2026年1月からスタートし、毎年1%ずつの段階的な引き上げとなるため、完全実施までには時間がかかりますが、確実に処遇改善が進む見通しです。
改正への批判と今後の課題
「根本的な解決ではない」という声
この改正に対しては、教育現場や専門家から批判の声も上がっています。
主な批判点:
- 残業代不支給の仕組み自体は変わらない
- 調整額が増えても、長時間労働を抑制する効果は限定的
- 財源確保のため他の手当が削減される可能性
- 実質的な給与増加は期待より小さい
日本教職員組合や日本弁護士連合会などは、「定額働かせ放題」の構造を温存したままの改正では不十分であり、給特法を廃止して残業代制度を導入すべきだと主張しています。

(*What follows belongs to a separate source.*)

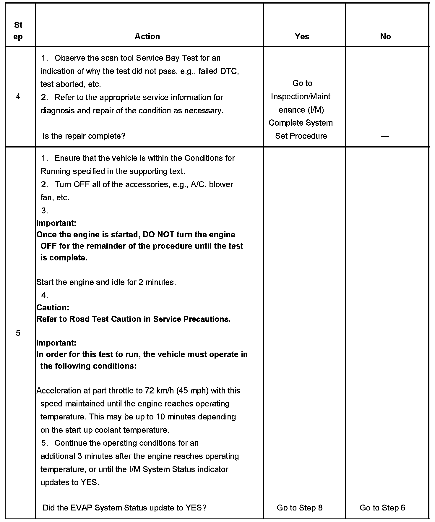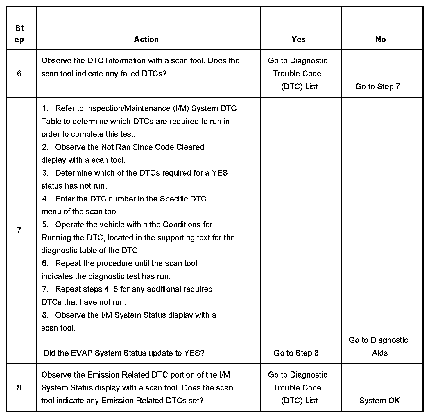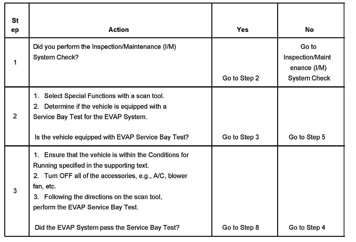 The purpose of this test is to satisfy the enable criteria necessary to execute I/M readiness diagnostics for the evaporative emission (EVAP) system. The test may be used to set the I/M System Status indicators to YES. The I/M System Status display on the scan tool provides an indication of whether the control module has completed the required tests. The I/M System Status does not indicate that the tests have passed or failed. When all of the diagnostics for a specific system have run and passed, the I/M System Status will update to YES. If a test for a specific system has failed, the I/M System Status will update to YES, indicating a determination was made, even if all of the other tests for that system have not run.

実際、国立大学附属学校では法人化に伴い残業代制度が適用され、業務削減と長時間労働の改善につながった例もあります。
今後の方向性
改正法の附則には、政府が取り組むべき措置として以下が明記されました。
- 教員1人あたりの担当授業時数の削減
- 教職員定数の標準の改定
- 学校を支援する人材の増員
- 保護者対応への支援強化
- 部活動の地域展開への財政支援
- 公立中学校での35人学級の実現(2026年度から)
処遇改善だけでなく、業務削減と人員増加を組み合わせた「三位一体」の改革が進められる予定です。
まとめ:教員の働き方は変わるのか
公立学校の教員は、給特法という特殊な法律のもと、残業代が支給されない「定額働かせ放題」とも言える状況で働いてきました。1971年の制度設計時には月8時間程度だった残業時間は、現在では月80時間を超える教員も珍しくなく、制度と実態の乖離が深刻化していました。
2025年の法改正により、教職調整額が段階的に10%まで引き上げられることが決まり、教員の処遇は確実に改善される見通しです。しかし、残業代制度そのものは導入されず、長時間労働の根本的な解決には至っていないという批判もあります。
今後、処遇改善と並行して、業務削減や人員増加などの働き方改革が実効性を持つかどうかが、教員の労働環境改善の鍵となるでしょう。教員不足が深刻化する中、「働きやすさ」と「働きがい」の両立が求められています。
参考情報
- 給特法改正の完全実施:2031年1月
- 教職調整額の引き上げ開始:2026年1月から
- 残業時間の削減目標:2029年度までに月平均30時間程度
私立学校への転職や、教員以外のキャリアを検討する際の参考にもなるかもしれません。教員の給与制度について、少しでも理解が深まれば幸いです。